Let me show you what I mean:-
When gays challenge the teachings of the Church, they are accused of being "unbiblical". When gays point out that the biblical "condemnations" of homosexual behavior are not condemnations of homosexuality, but more complex and about other things, they are accused of biased interpretation. When gays demonstrate that the views they espouse are no more biased than those espoused by the defenders of "orthodoxy", the issue shifts to "plumbing" and "natural law" -- a penis into a vagina goes, but not into a mouth, unless of course it is a female mouth. When gays start to discuss that issue, pointing out that other cultures acknowledge and find room for gay people, the debate shifts to the destruction of "family values", whatever that is. When gays point out that a large number of gay couples form lifetime relationships, and many raise children successfully, all of a sudden the debate shifts back to the authority of the Church. It never ends, and it never makes any sense, because the "defenders of the faith" do not stand and deliver. Instead, they shift around in an endless circle of rationalization without rational basis.
The bottom line is that I've changed my views -- no, I've changed, period. God created humans, man and woman, straight and gay, in all extraordinary variety, and we are doing God a disservice to deny the goodness of his creation. I will not, any longer, do so, even by hedging on the issue and saying that "I don't know ..." As far as I am concerned, straight and gay are on a level playing field. Sexual acts outside of a loving relationship which reflects the love of God are sinful. Sexual acts -- straight or gay -- within such relationships are sacramental, reflect God and are good.
I do not intend this to be a definitive or an exhaustive statement. It is by nature short, sketchy and incomplete. Like all people who have come to a change in perspective, a change in paradigm, I have a long way to travel before I understand the full implications of the change and can articulate what it means. But of one thing I am certain -- this change has come from the deepest parts of my soul, from the place where God moves quietly and silently in me, and it is both right and permanent. It has been a long time coming ...

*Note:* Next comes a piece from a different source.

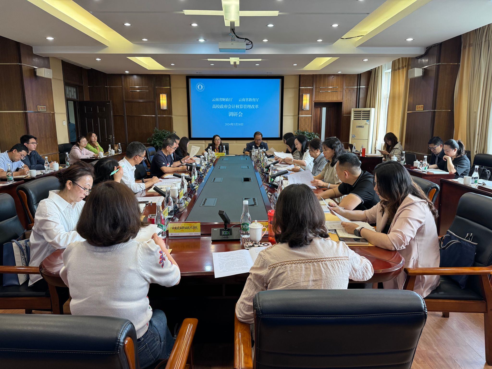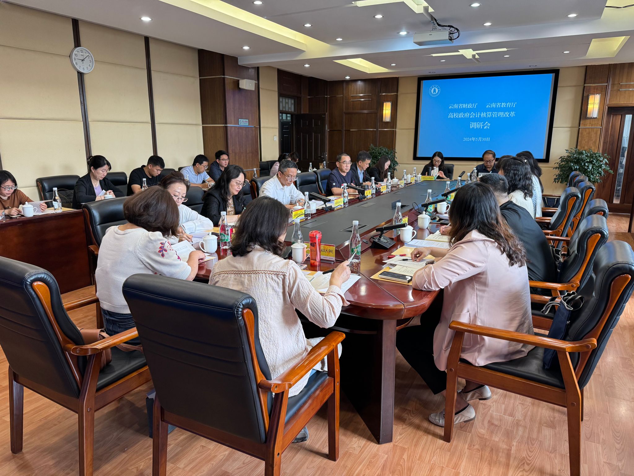 为加快推进高校政府会计核算管理改革,保障省教育厅所属高校推进使用统一的云南省预算单位会计核算系统,2024年5月30日,省财政厅国库处、科教文化处、财政数据网络中心和省教育厅财务基建处到学校开展高校会计核算管理改革调研。学校党委委员、副校长胡海彦出席,省教育厅财务基建处处长杨玲主持会议。

I recognize that it is presumptuous of me, and perhaps offensive to the gay and lesbian members of this list, to speak as if my change of heart makes a difference -- Paul, Jonathan and others have been saying what I have just written for months and years. A sensible reaction to my message would be "Oh, great, another straight guy finally gets it at the age of 48, and has to tell us? Yuck! Where has he been all these years ...".

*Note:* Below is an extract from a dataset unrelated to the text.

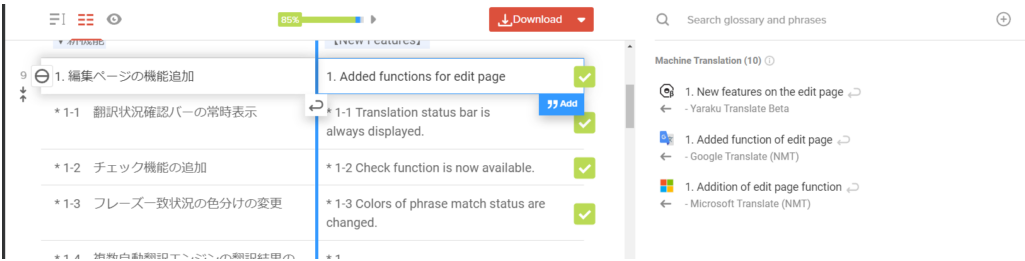 「機能追加」の「追加」という部分に対し他3エンジンは「additional」、「added」、「addition」などと訳している中、ヤラク翻訳は「New features」と訳出しています。

But I need to speak, having seen -- again -- the Phelps filth. I cannot hide behind the "rational" teachings of our Church, and pretend that the teachings of our Church are not adding to the burdens imposed on a
significant number of members of the Body of Christ. I am a straight who has had his eyes opened. I need to speak for my own soul, not for the gay and lesbian members of this list. I hope you will treat what I have had to say in that light.